### Your goal
Repeat the records below exactly. Omit the pictures.

### Entries provided

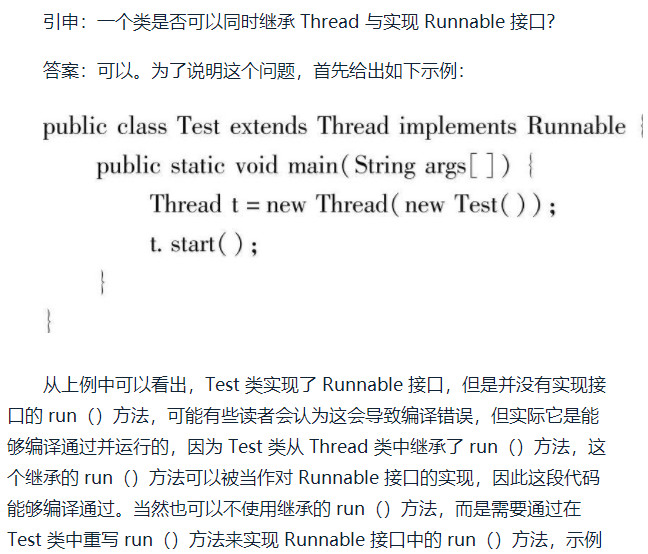 Thread 本质上也是实现了 Runnable 接口的一个实例,它代表一个线程的实例,并且,启动线程的唯一方法就是通过 Thread 类的 start()方法。start()方法是一个 native(本地)方法,它将启动一个新线程,并执行 run()方法(Thread 中提供的 run()方法是一个空方法)。这种方式通过自定义直接 extend Thread,并重写 run()方法,就可以启动新线程并执行自己定义的 run()方法。需要注意的是,调用 start()方法后并不是立即执行多线程代码,而是使得该线程变为可运行态(Runnable),什么时候运行多线程代码是由操作系统决定的。下例给出了 Thread 的使用方法:
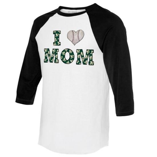 アスレチックス タイニー ターニプ レディース アイ ラブ マム 3/4-スリーブ ラグラン Tシャツ - ホワイト/ブラックは、メジャーリーグ公認のMLBグッズです。
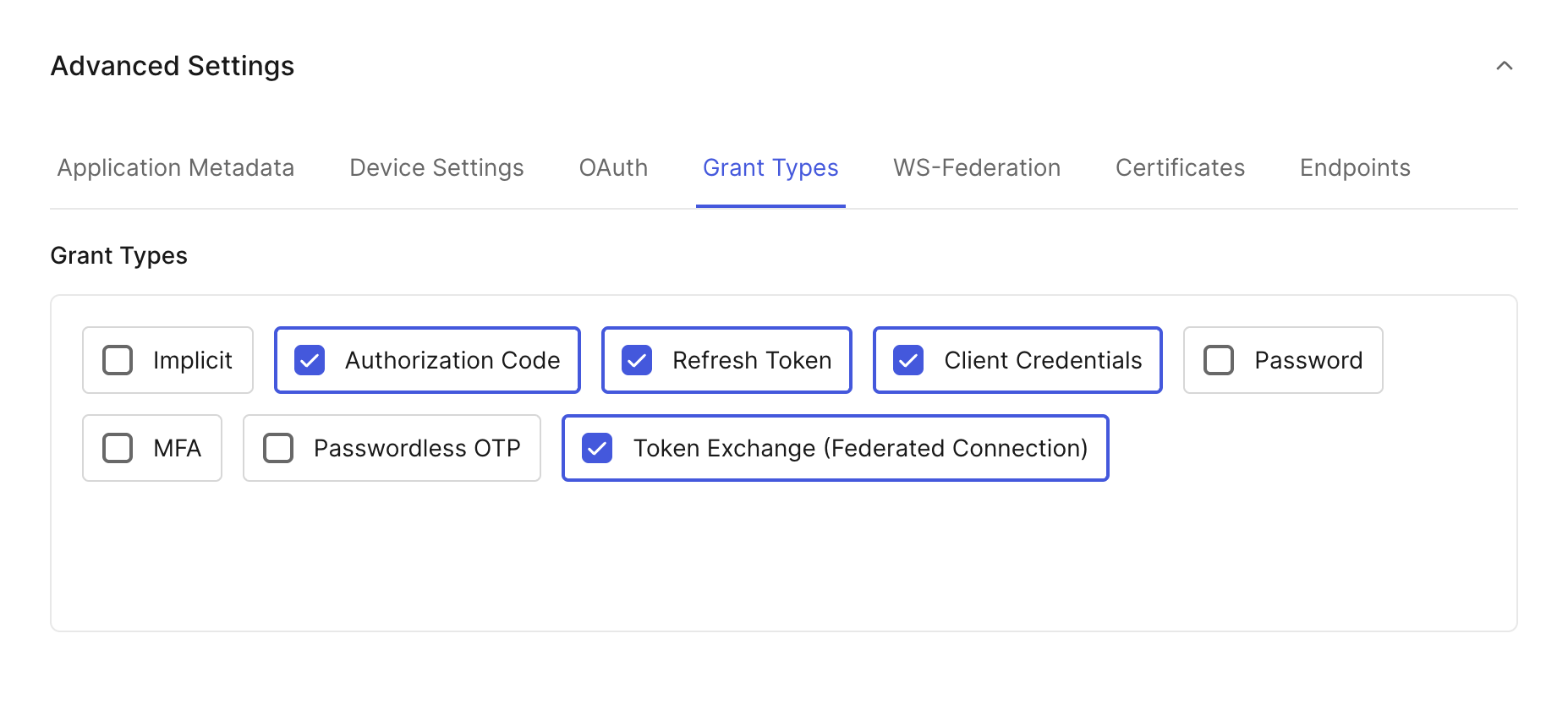 3. Under Advanced Settings > Grant Types, select the Token Exchange (Federated Connection) grant type.
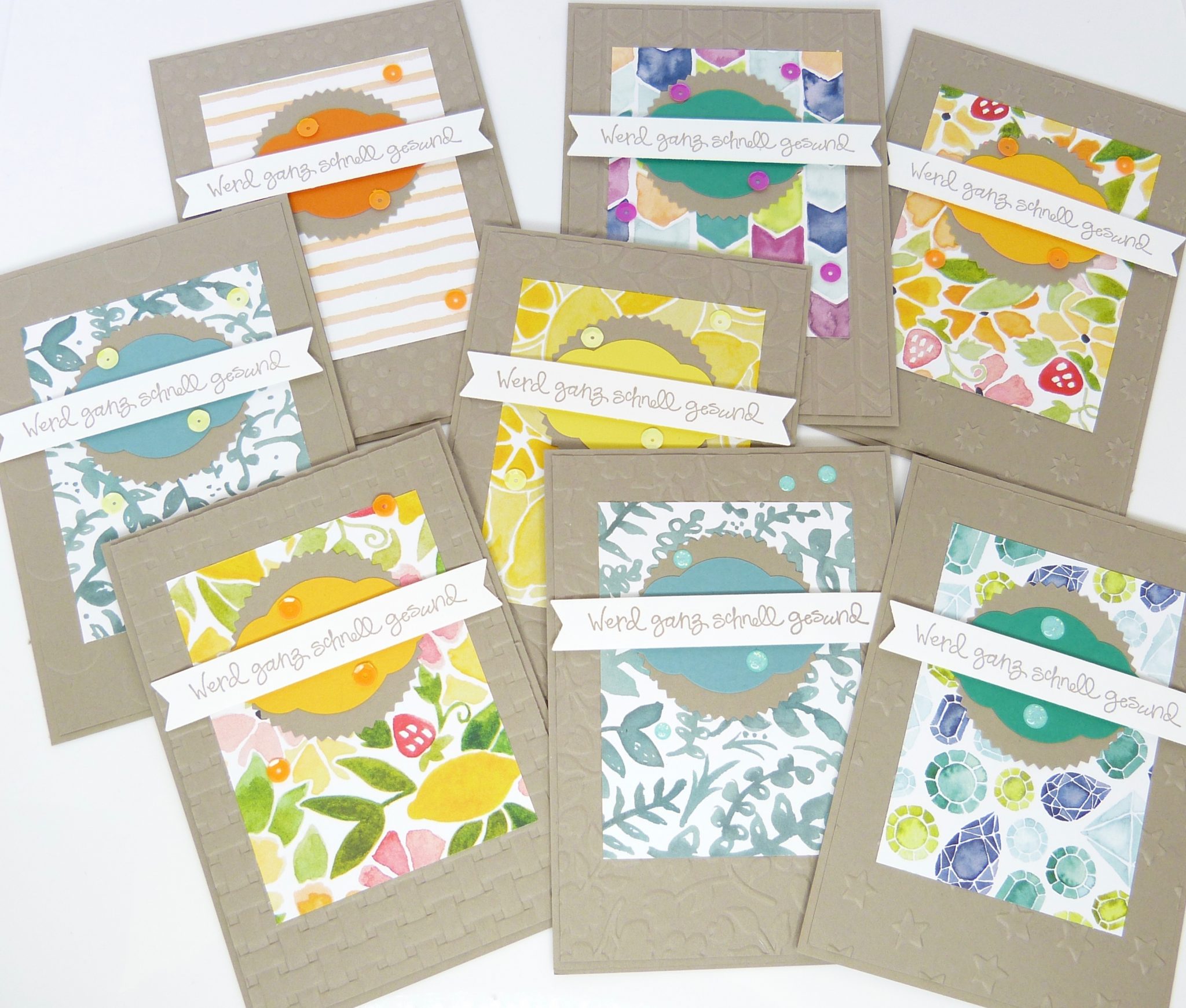 Meine Gesundwerdkarten für Männer habe ich dir vor ein paar Tagen gezeigt. Weil mir das so viel Spaß gemacht hat – und ich auch noch ein paar Reste Designerpapier herumliegen hatte – sind auch gleich noch ein paar Blumige Gesundwerdkarten dazugekommen:
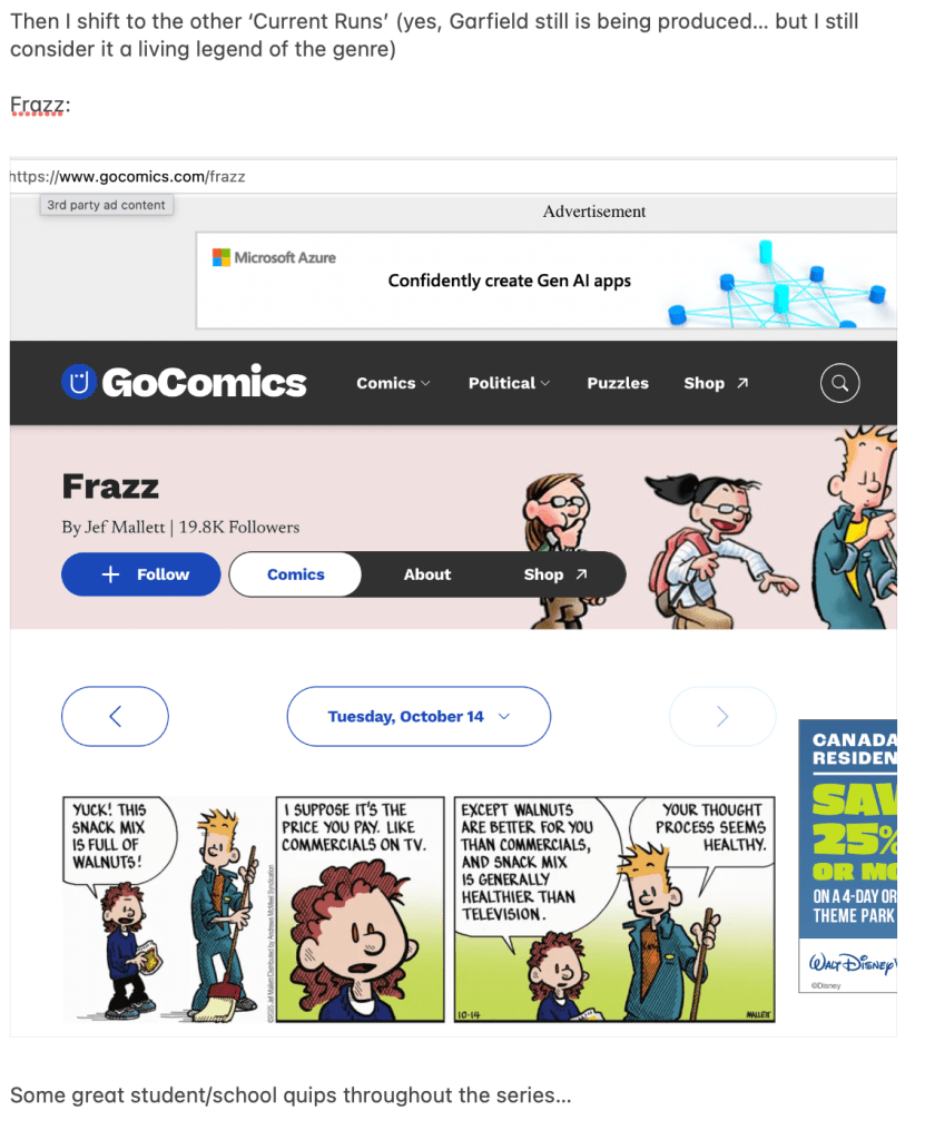 Then I shift to the other ‘Current Runs’ (yes, Garfield still is being produced… but I still consider it a living legend of the genre)
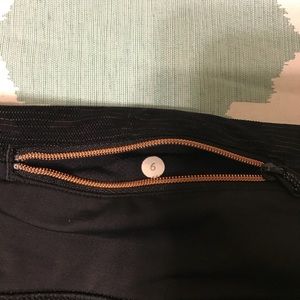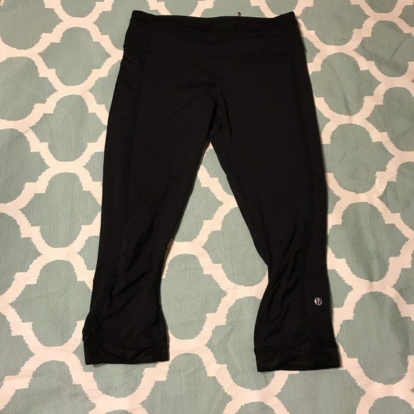 Excellent condition Lululemon Capri Legging. Cute camouflage camo design on bottom and back of pants. Convenient back pocket to stash your valuables. Adjustable tie. Size 6.
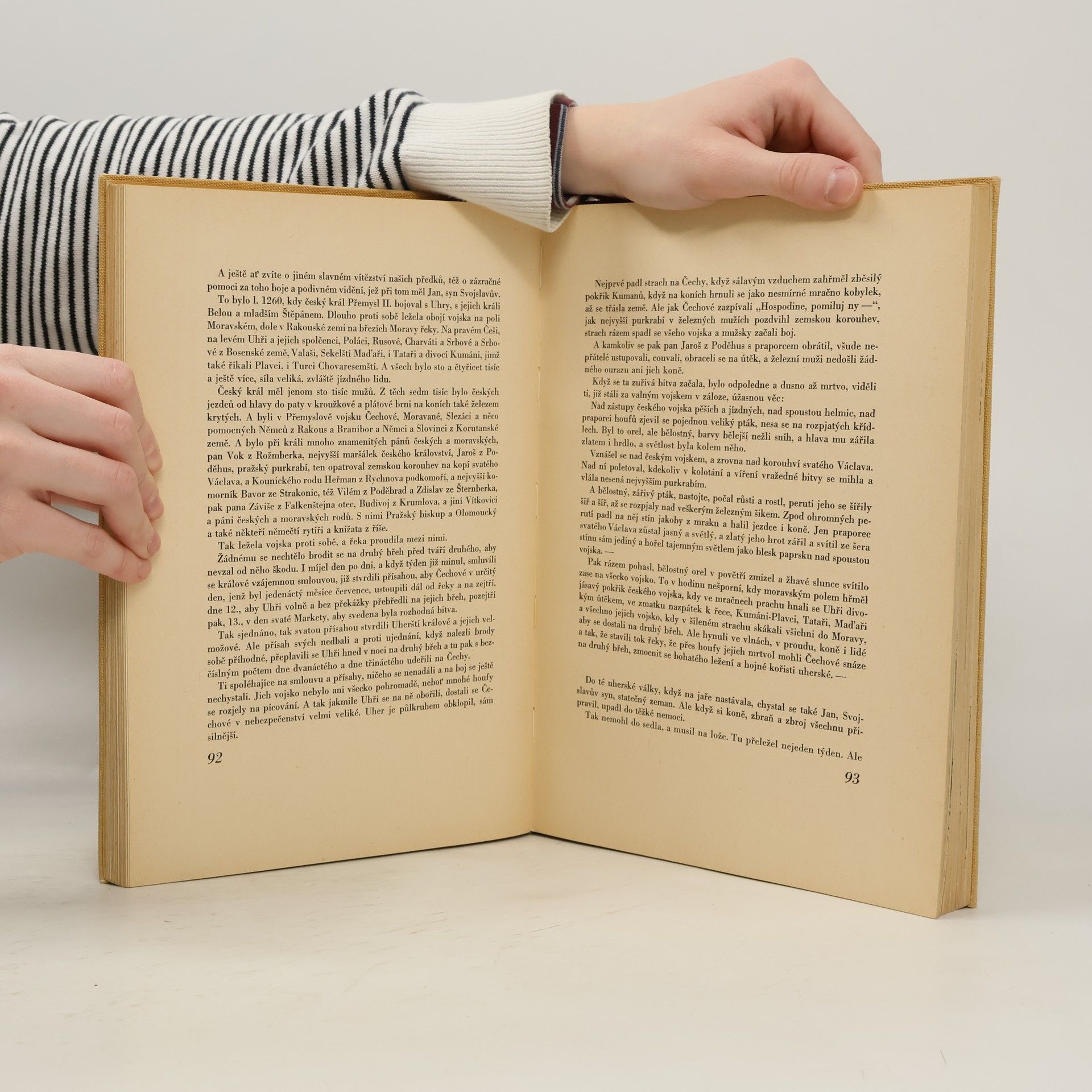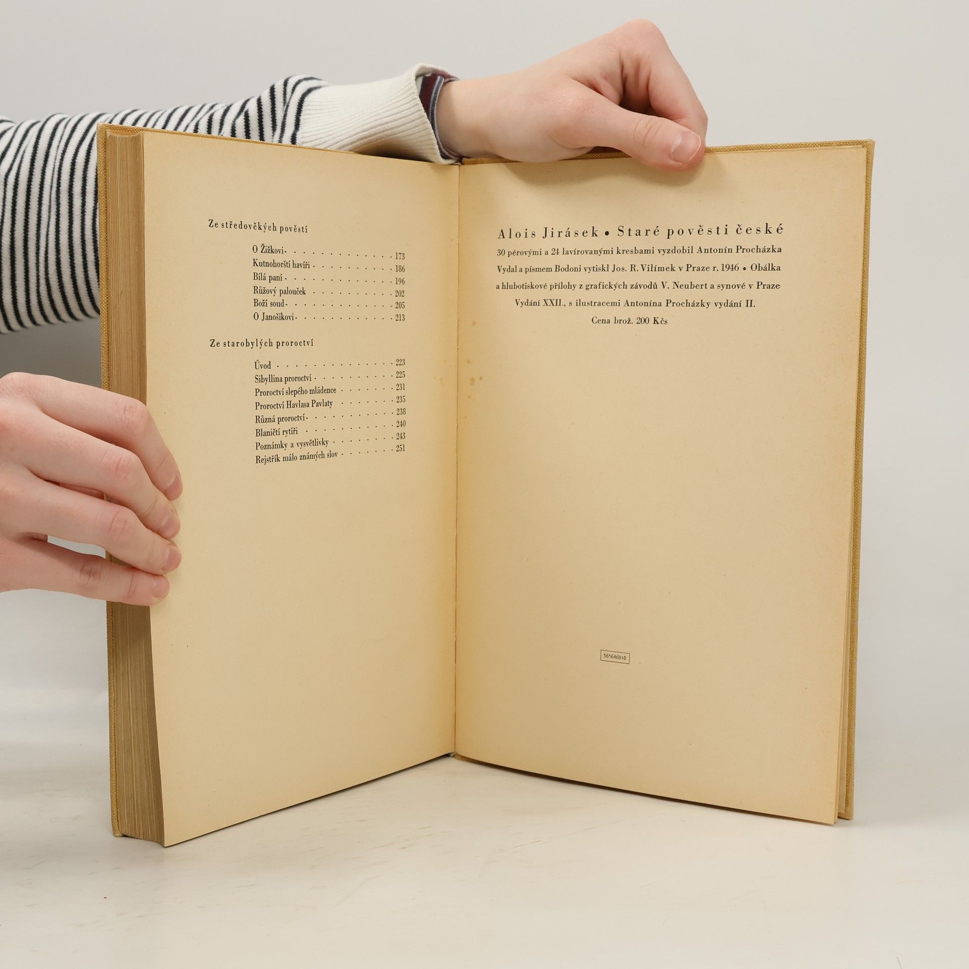 Poslyšte o našem praotci, o předcích, jak přišli do končin naší vlasti a usadili se po Labi a po Vltavě i po jiných řekách této země. Slyšte i, co více dochovalo se z temnoty věků, co zůstalo z báječných vypravování přešlých pokolení, jež klaněla se bohům v šeru starých hájů a jež obětovala studánkám v tichých ouvalech, jezerům i řekám i svatému, živému ohni ... Pojďte a poslyšte pověsti dávných časů...

### Reply to the exercise
 Thread 本质上也是实现了 Runnable 接口的一个实例,它代表一个线程的实例,并且,启动线程的唯一方法就是通过 Thread 类的 start()方法。start()方法是一个 native(本地)方法,它将启动一个新线程,并执行 run()方法(Thread 中提供的 run()方法是一个空方法)。这种方式通过自定义直接 extend Thread,并重写 run()方法,就可以启动新线程并执行自己定义的 run()方法。需要注意的是,调用 start()方法后并不是立即执行多线程代码,而是使得该线程变为可运行态(Runnable),什么时候运行多线程代码是由操作系统决定的。下例给出了 Thread 的使用方法:
 アスレチックス タイニー ターニプ レディース アイ ラブ マム 3/4-スリーブ ラグラン Tシャツ - ホワイト/ブラックは、メジャーリーグ公認のMLBグッズです。
 3. Under Advanced Settings > Grant Types, select the Token Exchange (Federated Connection) grant type.
 Meine Gesundwerdkarten für Männer habe ich dir vor ein paar Tagen gezeigt. Weil mir das so viel Spaß gemacht hat – und ich auch noch ein paar Reste Designerpapier herumliegen hatte – sind auch gleich noch ein paar Blumige Gesundwerdkarten dazugekommen:
 Then I shift to the other ‘Current Runs’ (yes, Garfield still is being produced… but I still consider it a living legend of the genre)
 Excellent condition Lululemon Capri Legging. Cute camouflage camo design on bottom and back of pants. Convenient back pocket to stash your valuables. Adjustable tie. Size 6.
 Poslyšte o našem praotci, o předcích, jak přišli do končin naší vlasti a usadili se po Labi a po Vltavě i po jiných řekách této země. Slyšte i, co více dochovalo se z temnoty věků, co zůstalo z báječných vypravování přešlých pokolení, jež klaněla se bohům v šeru starých hájů a jež obětovala studánkám v tichých ouvalech, jezerům i řekám i svatému, živému ohni ... Pojďte a poslyšte pověsti dávných časů...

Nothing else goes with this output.